Dobber’s first day back, Jim exploded out of the kitchen at a trot, slamming open fish case doors and rifling through the merchandise. He’d run out of salmon for the day’s special, and needed fresh meat fast.

This of course violated Dobber’s number one rule of operations: Our inventory is not their inventory. If the kitchen needed fish, they had to buy it like everyone else. Jim grabbed a salmon by the tail, while Dobber caught hold of the front end, his fingers luckily laced through the gill.

It took Dobber only two seconds to win that tug of war, and when he found he alone had ownership of the now floppy fish, he cracked again. Like a rioter in the streets, he clobbered Jim upside the coiffed head, then again on the back and shoulders, knocking Jim off his feet.

He landed several more blows before the manager and I could pry him loose. Seconds later, Jim was staggering but on his feet long enough to rip off his apron and throw it to the ground.

Spitting out bits of pink meat, he gave an impromptu — and entirely incoherent — speech referencing Confederate General Stonewall Jackson before stomping crookedly from the store.

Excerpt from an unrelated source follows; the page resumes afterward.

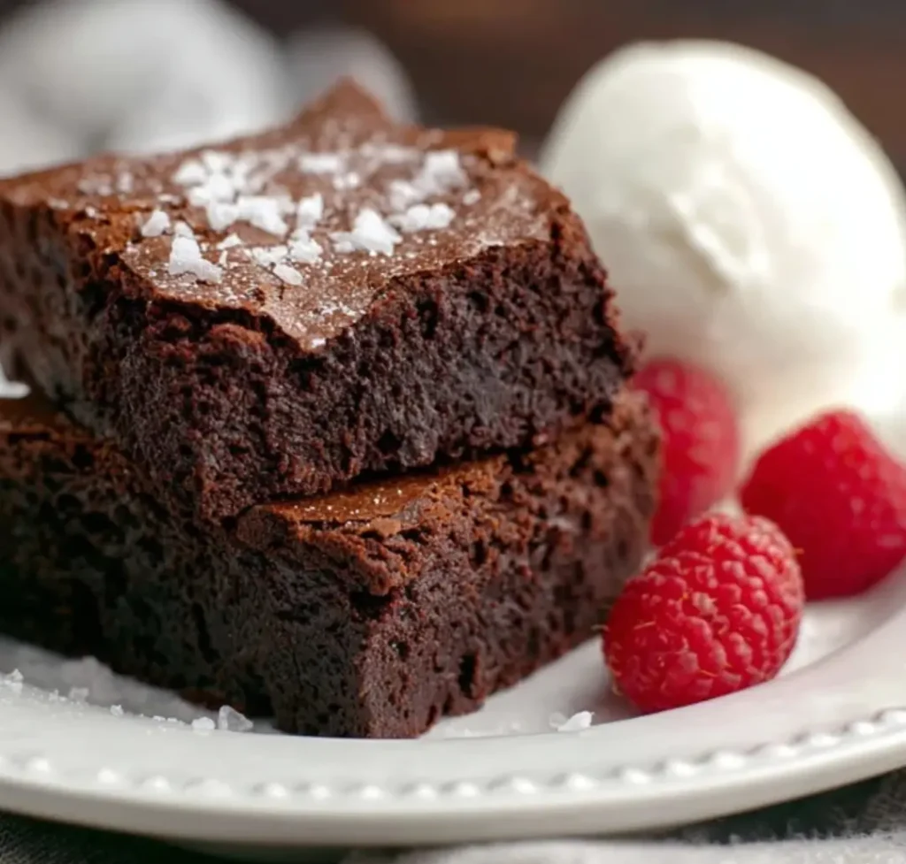 Three rich {{ $('Fetch Recipe Data').first().json["Main Keyword"] }} stacked on a plate with fresh raspberries and vanilla ice cream.

We watched him limp to his van and climb inside, the engine roaring to life in a strange display of automotive ferocity. Tires squealed as he tore out of the parking lot and into traffic, half-heartedly clipping an old man walking his dog.

Not knowing what else to do, I handed Jim’s bootheel to Manager Dale.

He arched an eyebrow.

“Dunno,” I said. “I think he lost it in the melee.”